Memoir of a Murder, But So Much More

Book review: The Red Parts, by Maggie Nelson
Amazon

The Red Parts defies categorization. In the broadest terms it’s a memoir, but it’s also true crime, literary theory, narrative nonfiction, social commentary, philosophy, and in case you’re in doubt about any of its genres or topics, it’s written with a beautiful poetic voice, just making it really enjoyable to read. It’s also a book partly about the writing of another book. Amazingly, unusually, it’s such a good example of all of these subjects – this kind of genre-bending work can at best fall short of one or more of its targets, and at worst, it’s really annoying and try hard-y. But this is fantastic at everything it tries.

Maggie Nelson is the niece of Jane Mixer, a woman who until recently was believed to be a victim of a serial killer who targeted young women around the Ann Arbor/Ypsilanti area of Michigan in the late 1960s. But her case didn’t match the patterns of the others, and recent DNA evidence fingered another man completely unrelated to the other ‘Michigan Murders’, for which one man was convicted for one murder and it was generally accepted that he’d committed the rest, with some cloud of suspicion still hovering over Jane’s. (All these stories are very interesting in and of themselves – see my review of the recently rereleased true crime book of the case, The Michigan Murderswhich is also referenced in The Red Parts).
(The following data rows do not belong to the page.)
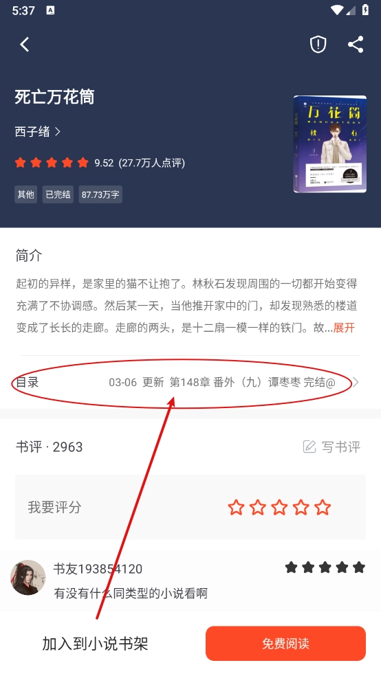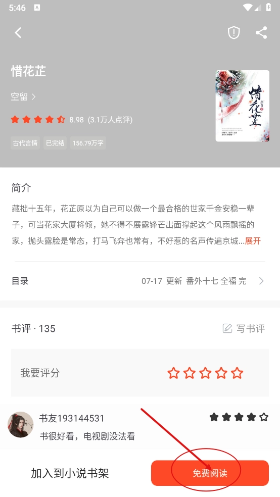 进入小说详情页,点击"免费阅读"。
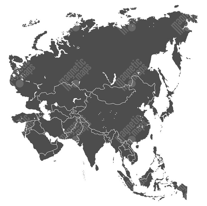 Magnetická mapa Ázie, ilustrovaná, šedá
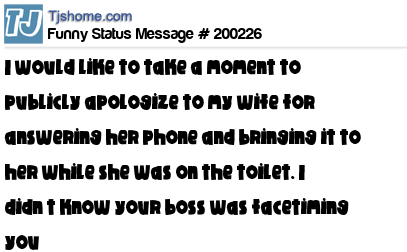 X says I would like to take a moment to publicly apologize to my wife for answering her phone and bringing it to her while she was on the toilet. I didn’t know your boss was facetiming you
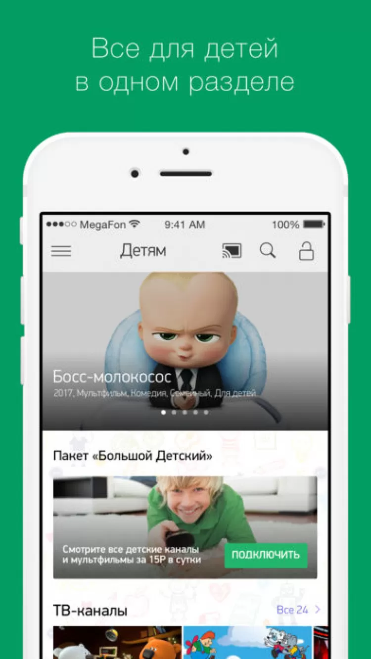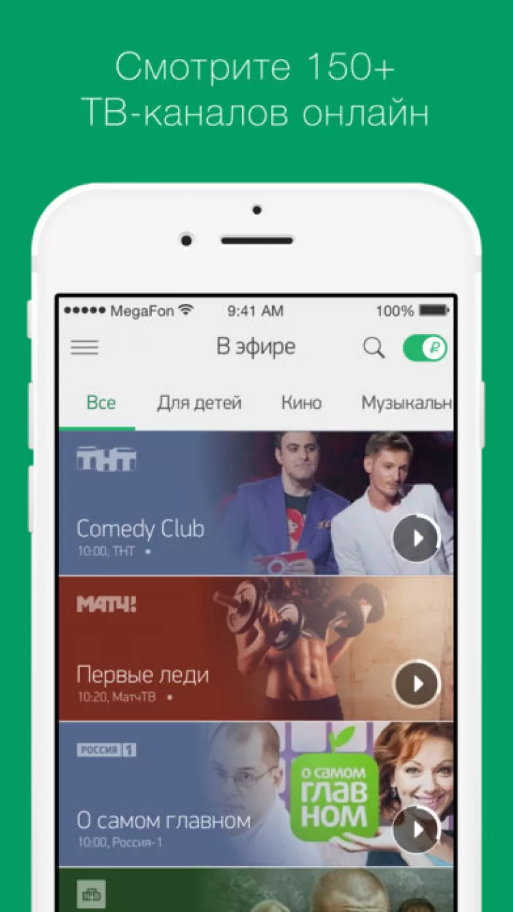 Любите смотреть фильмы и сериалы, но не имеете возможности наслаждаться ими с телевизора или компьютера? Тогда скачайте МегаФонТВ для iOS.

Nelson, a poet and professor, wrote Jane: a Murder, a book of poetry about the aunt she never met but whose life and death haunt her family. She thought the case was inactive as she wrote and researched, but turns out police had become aware of a mountain of DNA evidence against a Michigan nurse and family man. He’s taken to trial. It’s predictably emotionally devastating for the family, including Maggie’s grandfather, Jane’s father, now a widower in his 90s. The trial and her family’s place in it and decisions regarding it make for a central structure in the narrative, and a place in time that’s returned to throughout the book.

Maggie has tumultuous relationships, uncertainties in life and work, her own demons. She’s an exquisite writer, and she thoughtfully weaves the track of her own life into that of her aunt’s, examining what’s known and what remains a mystery, how it feels to be asked under bright spotlights to tell her “inspiring” story of finally discovering the identity of her aunt’s murder decades later, what she feels about justice. The truth is more that America has a deep captivating obsession with missing or murdered pretty white girls (see: Nancy Grace) and Jane’s case falls under this fascination.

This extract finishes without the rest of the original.